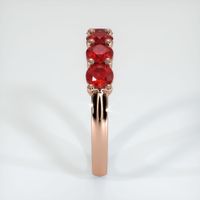 The band's high polish finish exudes a refined gleam, providing a beautiful backdrop that highlights the rich redness of the rubies. The high-polish technique involves meticulous smoothing and polishing, which results in a lustrous shine that is both eye-catching and sophisticated without being overtly flashy. This keeps the primary focus on the stones, while still adding a subtle layer of charm to the overall design. The simplicity of the style is further enhanced by the absence of additional adornments, which helps maintain a sense of classic elegance and reinforces the quality and purity of the materials used.
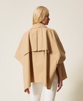 Cotton gabardine poncho with a trench coat design. Shirt collar, horn effect button fastening, storm flaps at the front, patch pockets, button fastened sides, wide fit.
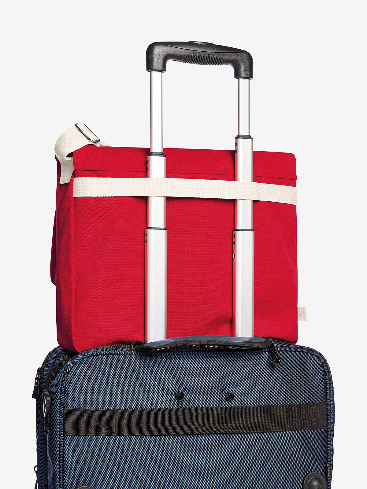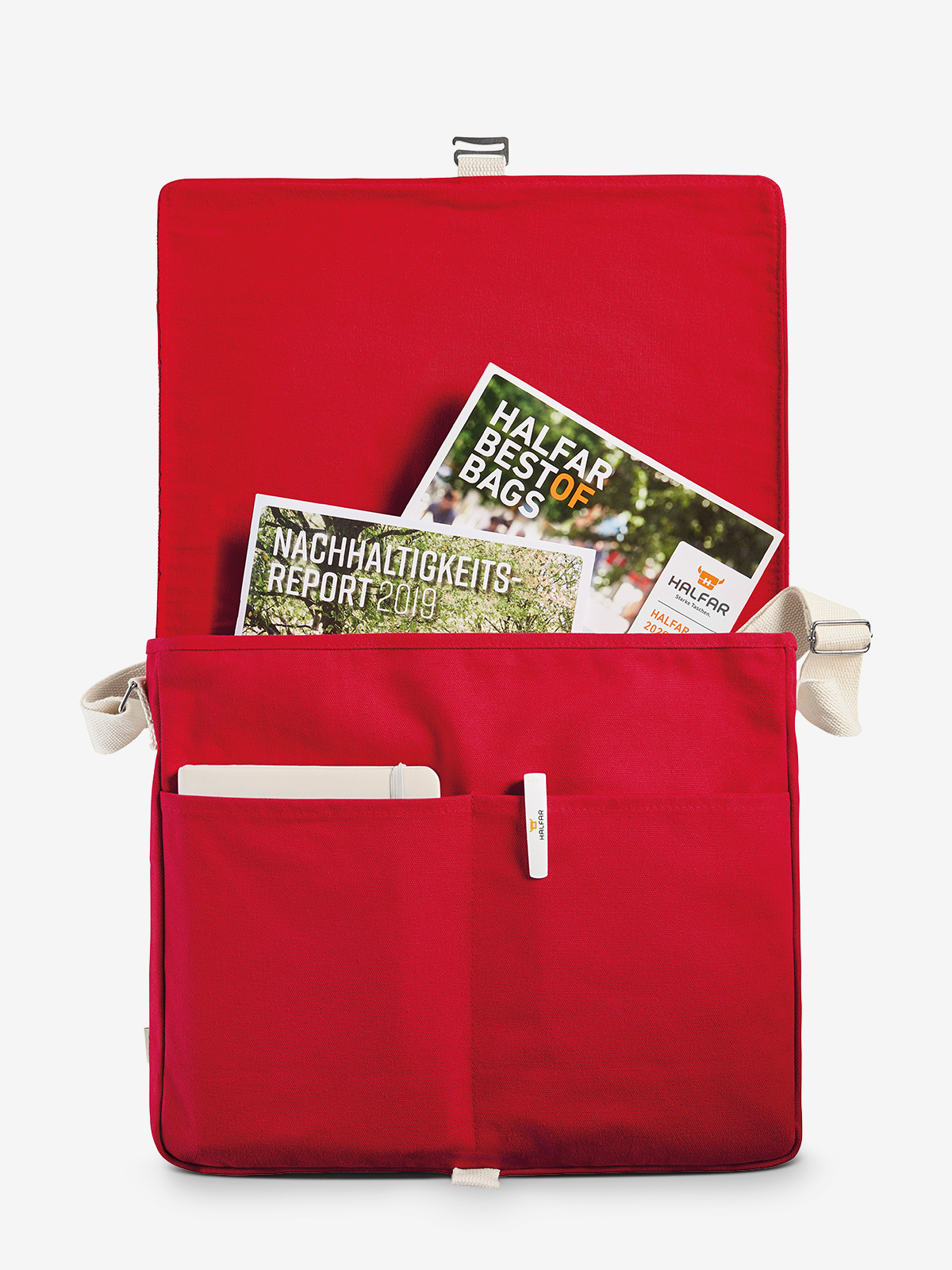 flap pocket with high-quality metal accessories; clip clasp; large main compartment suitable for A4 documents; two flat insert pockets on the front; rear attachment loop for trolley handles - can also be used as a handle; wide, adjustable cotton shoulder strap
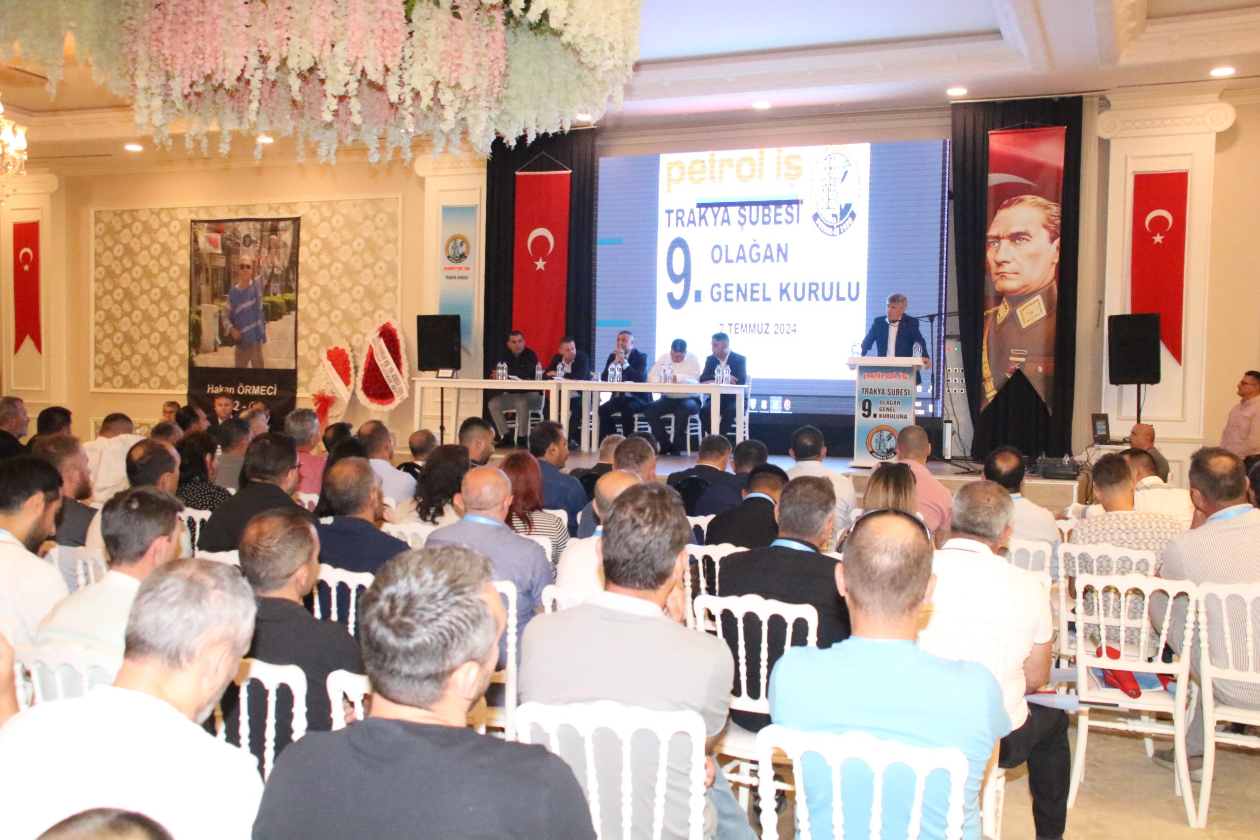 Petrol-İş Trakya Şube 9. Olağan Genel Kurulu 7 Temmuz 2024 tarihinde Lüleburgaz/İzer Otel’de gerçekleşti. Saat 10.00’da başlayan Genel Kurula sendikamız Genel Merkez Yönetim, Denetim ve Disiplin Kurulu Üyeleri, Şube Başkan ve Yardımcıları, Trakya Şubemizde örgütlü 13 farklı işyeri/işletmeden delege, temsilci ve üyelerimiz ile kardeş sendika yöneticileri ve basın mensupları katıldı.
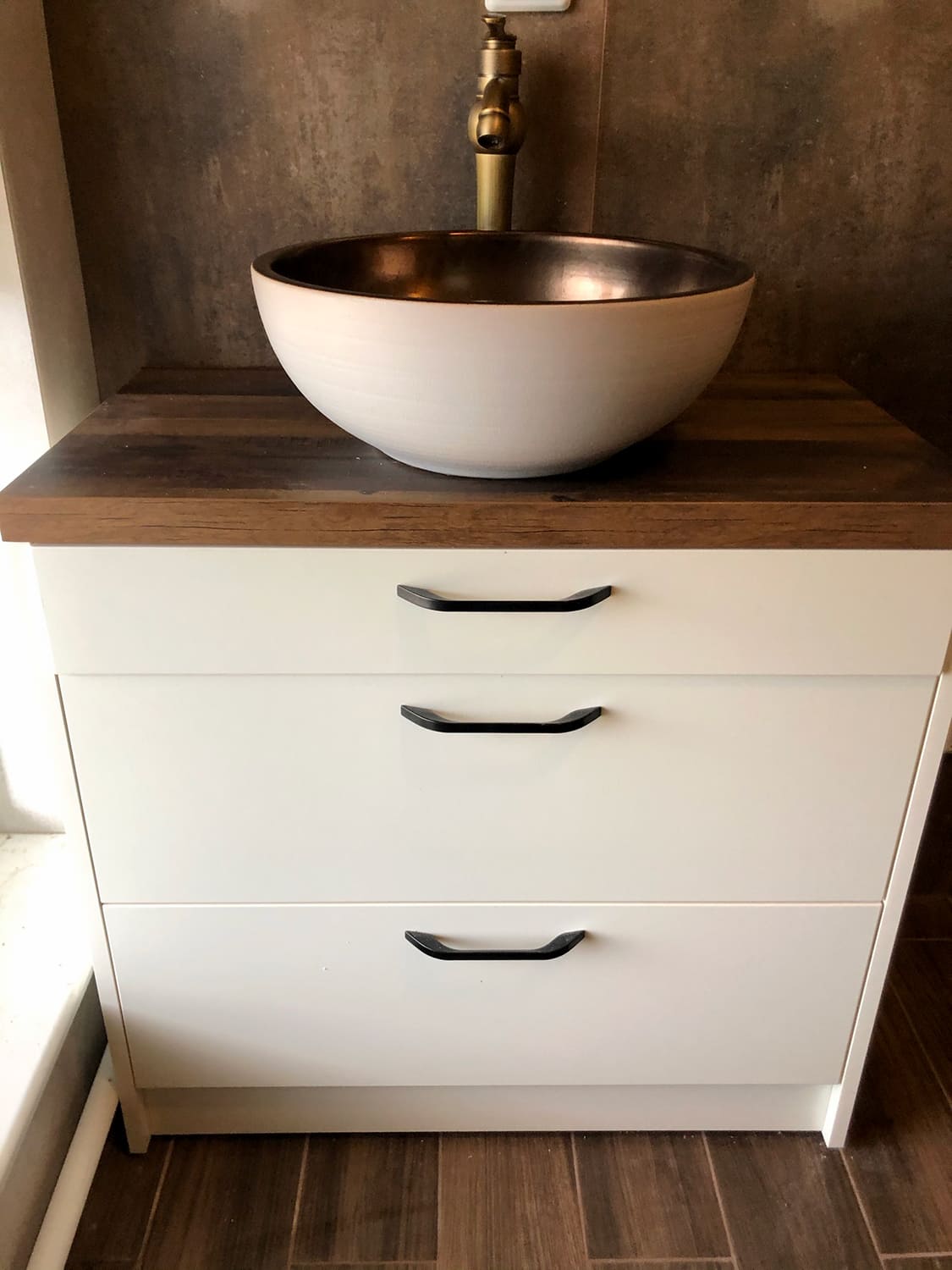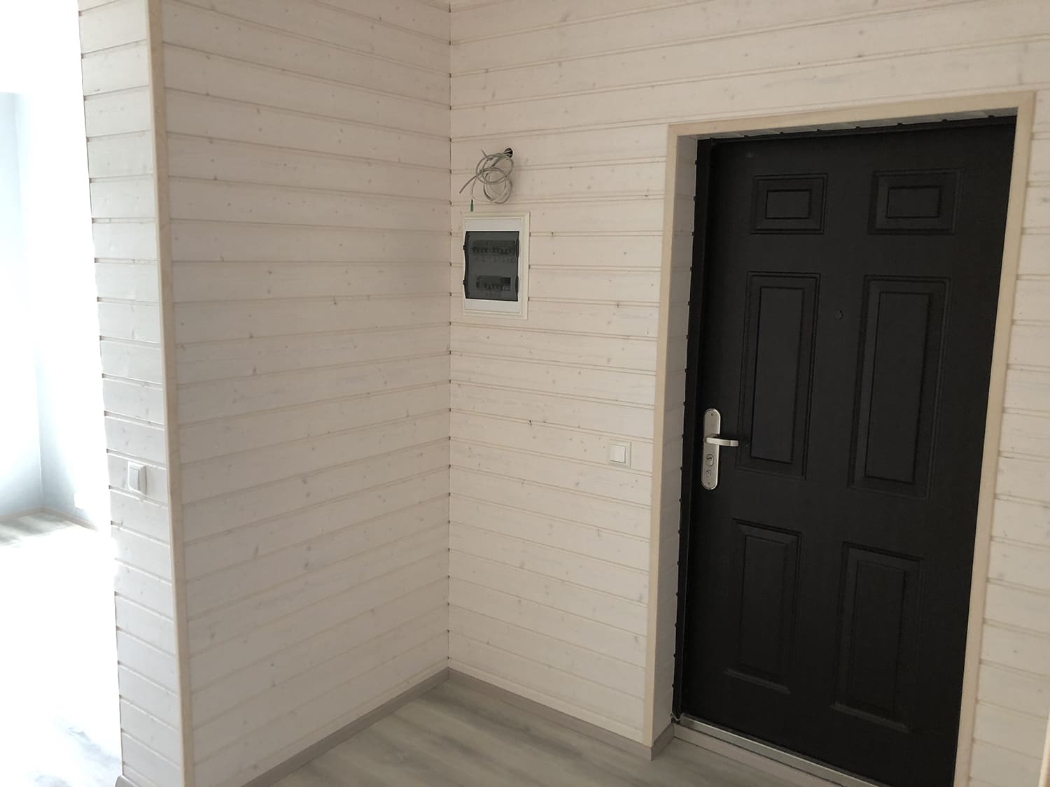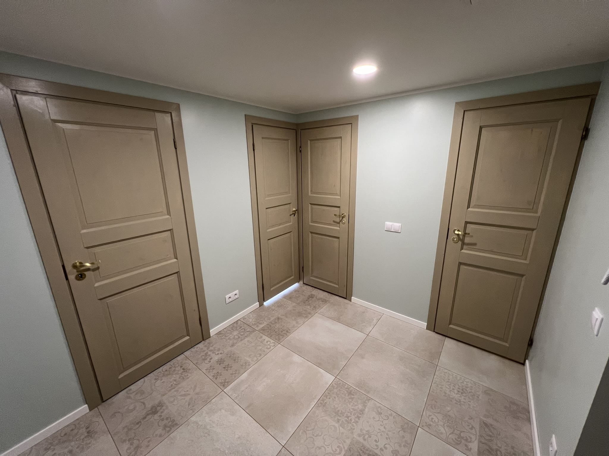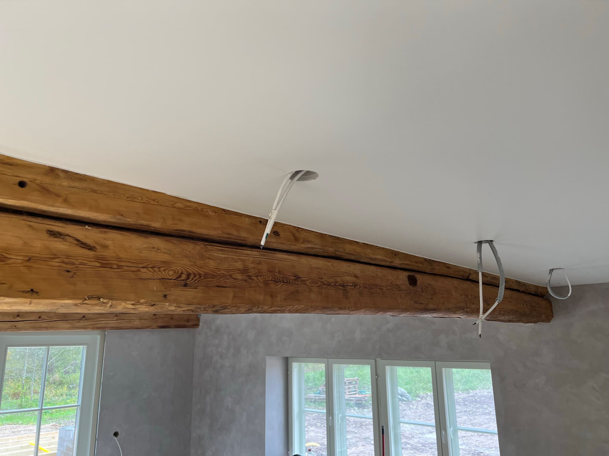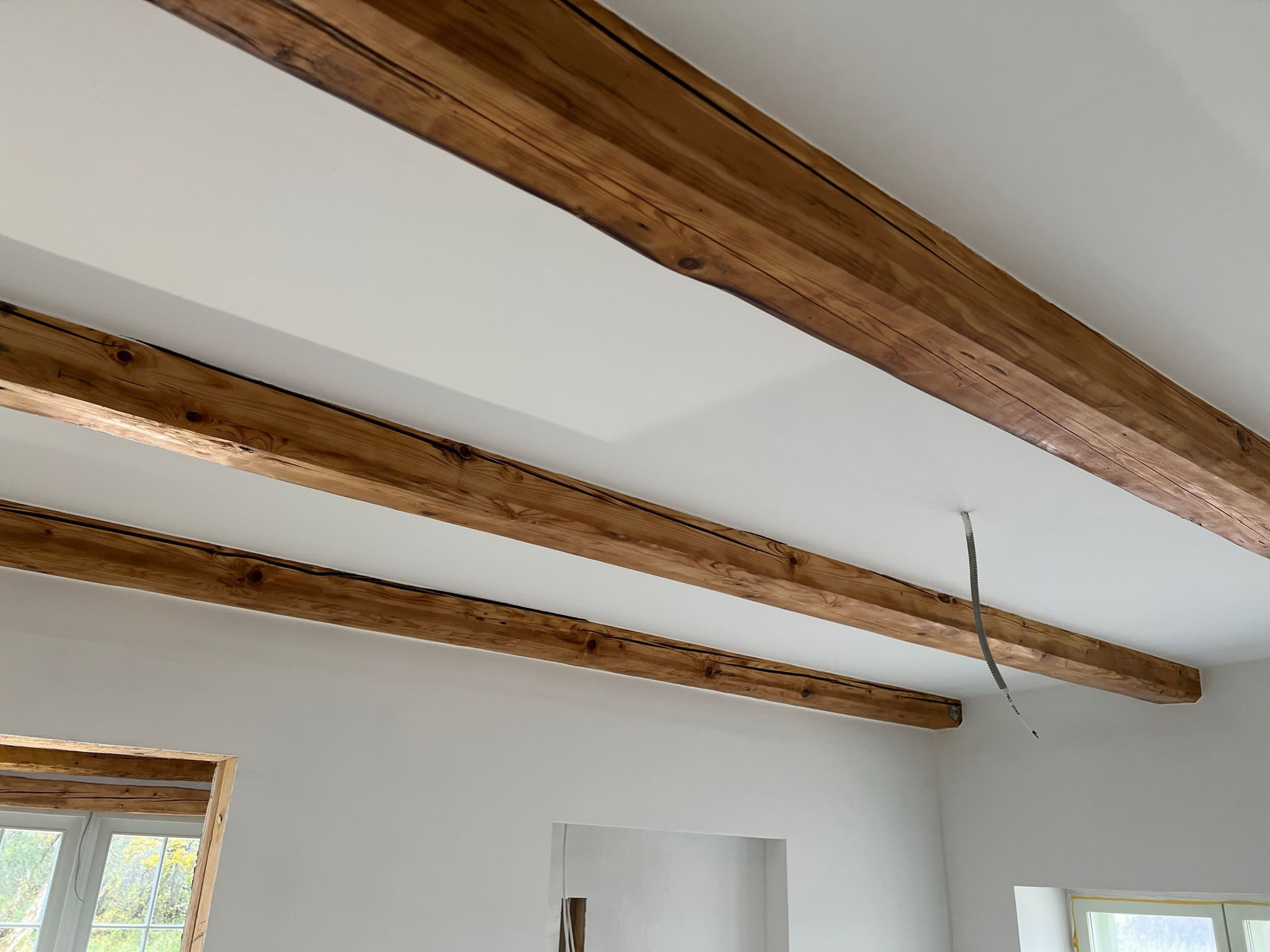 Kunagi puumajja ehitatud duširuum, mis algselt ei olnud korteri osa, ei olnud ehitatud ehitusnorme järgides, millest tekkis veekahjustus. Teisel korrusel asuva duširuum sai veekahjustuse tõttu lammutatud kogunisti põrandalaagideni välja, mis olid kergelt juba niiskuse tõttu kahjustada saanud. Keerukaks tööde teostamise tegi veel ruumis olev küttekolle ja selle korsten. Kuid natuke planeerimist ja õigeid töövõtted kasutusele võttes läks töö ladusalt. Lõppviimistluseks mikrotsement ( toon Gentle) ja santehnika paigaldus. Ja loomulikult puumajja ikka puidust lagi. Mikrotsement ja puit sobivad väga hästi kokku, need materjalid täiustavad üksteist.
====
### WHAT TO WORK ON:
The line containing "Petrol-İş Trakya Şube" and every line after it, through the end of the records, are what you should retype exactly. Do not include the pictures.

### WRITTEN ANSWER:
 Petrol-İş Trakya Şube 9. Olağan Genel Kurulu 7 Temmuz 2024 tarihinde Lüleburgaz/İzer Otel’de gerçekleşti. Saat 10.00’da başlayan Genel Kurula sendikamız Genel Merkez Yönetim, Denetim ve Disiplin Kurulu Üyeleri, Şube Başkan ve Yardımcıları, Trakya Şubemizde örgütlü 13 farklı işyeri/işletmeden delege, temsilci ve üyelerimiz ile kardeş sendika yöneticileri ve basın mensupları katıldı.
 Kunagi puumajja ehitatud duširuum, mis algselt ei olnud korteri osa, ei olnud ehitatud ehitusnorme järgides, millest tekkis veekahjustus. Teisel korrusel asuva duširuum sai veekahjustuse tõttu lammutatud kogunisti põrandalaagideni välja, mis olid kergelt juba niiskuse tõttu kahjustada saanud. Keerukaks tööde teostamise tegi veel ruumis olev küttekolle ja selle korsten. Kuid natuke planeerimist ja õigeid töövõtted kasutusele võttes läks töö ladusalt. Lõppviimistluseks mikrotsement ( toon Gentle) ja santehnika paigaldus. Ja loomulikult puumajja ikka puidust lagi. Mikrotsement ja puit sobivad väga hästi kokku, need materjalid täiustavad üksteist.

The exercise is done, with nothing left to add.